INSTRUCTIONS FOR THE TASK -
In the material below, find the line containing "Captain Williamson letter" and the line containing "Pelēkstrīpains britu īsspalvainais". Output those two lines and all lines between them exactly, without pictures.

EXERCISE DATA -
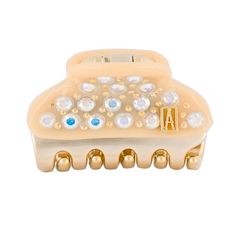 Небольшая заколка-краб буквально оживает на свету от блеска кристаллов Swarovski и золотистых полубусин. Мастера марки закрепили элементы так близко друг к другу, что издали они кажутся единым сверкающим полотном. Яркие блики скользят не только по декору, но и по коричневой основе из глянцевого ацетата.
==
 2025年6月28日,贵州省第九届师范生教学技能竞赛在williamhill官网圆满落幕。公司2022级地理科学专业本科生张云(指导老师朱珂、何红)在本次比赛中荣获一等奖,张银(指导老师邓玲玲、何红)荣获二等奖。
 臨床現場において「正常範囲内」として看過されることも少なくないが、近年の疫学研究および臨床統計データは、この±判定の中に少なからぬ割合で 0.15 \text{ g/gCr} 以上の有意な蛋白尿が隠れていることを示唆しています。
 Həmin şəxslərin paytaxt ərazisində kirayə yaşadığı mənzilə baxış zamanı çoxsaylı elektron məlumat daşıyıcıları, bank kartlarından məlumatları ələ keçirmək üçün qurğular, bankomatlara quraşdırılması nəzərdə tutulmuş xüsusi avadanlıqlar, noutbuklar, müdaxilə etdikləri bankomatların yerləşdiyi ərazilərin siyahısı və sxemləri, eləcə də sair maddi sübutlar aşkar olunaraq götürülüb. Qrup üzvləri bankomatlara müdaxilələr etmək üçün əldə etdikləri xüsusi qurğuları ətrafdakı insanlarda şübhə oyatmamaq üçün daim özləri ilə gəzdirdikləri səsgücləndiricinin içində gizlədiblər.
==
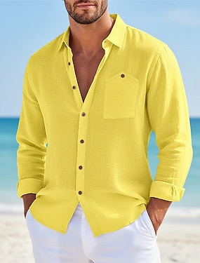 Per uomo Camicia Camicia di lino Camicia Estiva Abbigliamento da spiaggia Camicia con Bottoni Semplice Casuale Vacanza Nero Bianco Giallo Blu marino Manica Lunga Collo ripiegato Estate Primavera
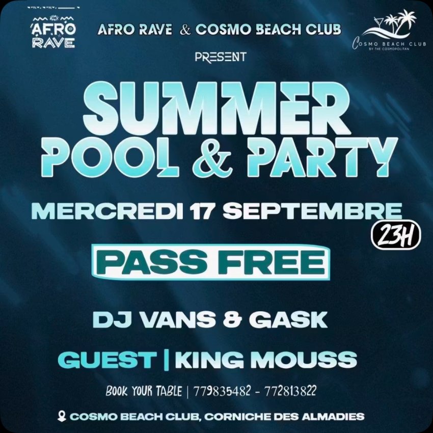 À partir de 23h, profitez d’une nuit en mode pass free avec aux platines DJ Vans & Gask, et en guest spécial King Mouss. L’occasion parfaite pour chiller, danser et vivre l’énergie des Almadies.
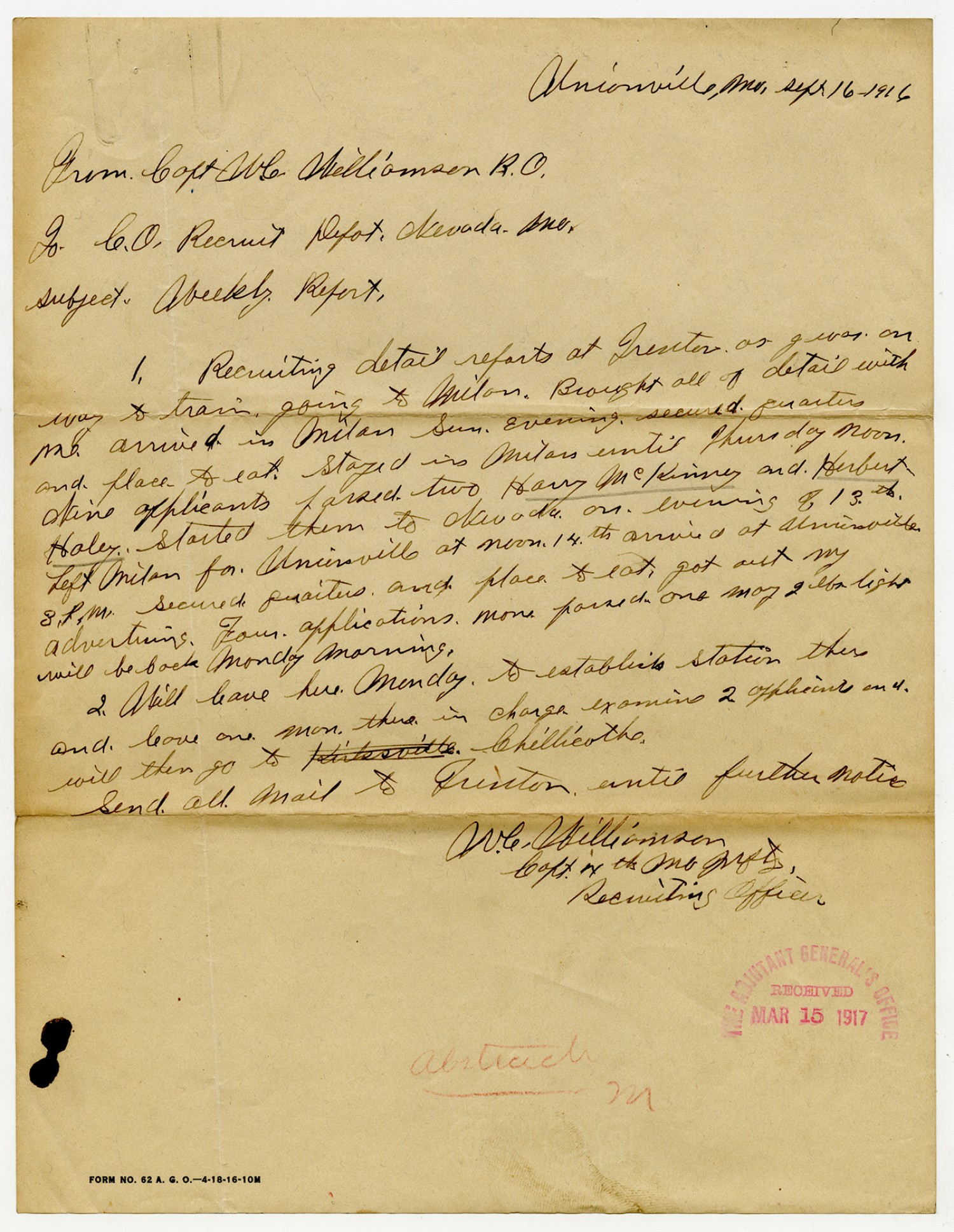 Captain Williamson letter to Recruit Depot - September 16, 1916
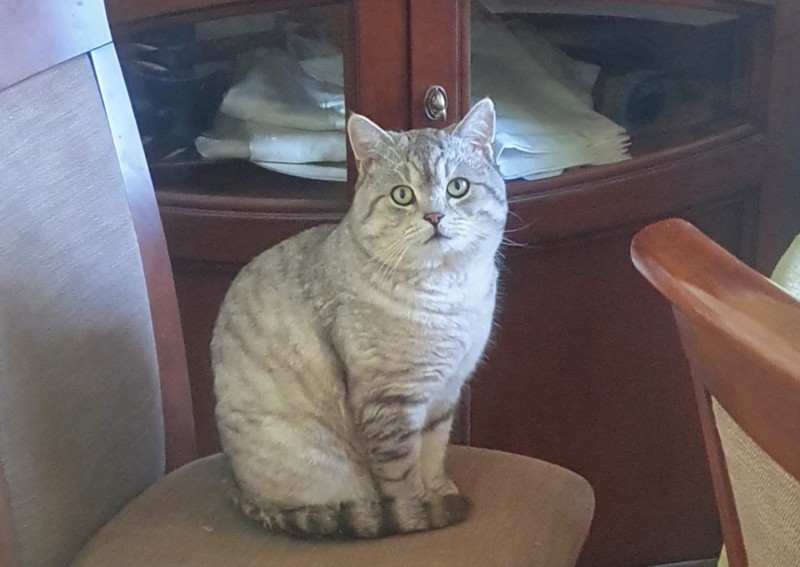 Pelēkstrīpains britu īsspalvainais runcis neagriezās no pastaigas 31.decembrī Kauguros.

YOUR SOLUTION -
 Captain Williamson letter to Recruit Depot - September 16, 1916
 Pelēkstrīpains britu īsspalvainais runcis neagriezās no pastaigas 31.decembrī Kauguros.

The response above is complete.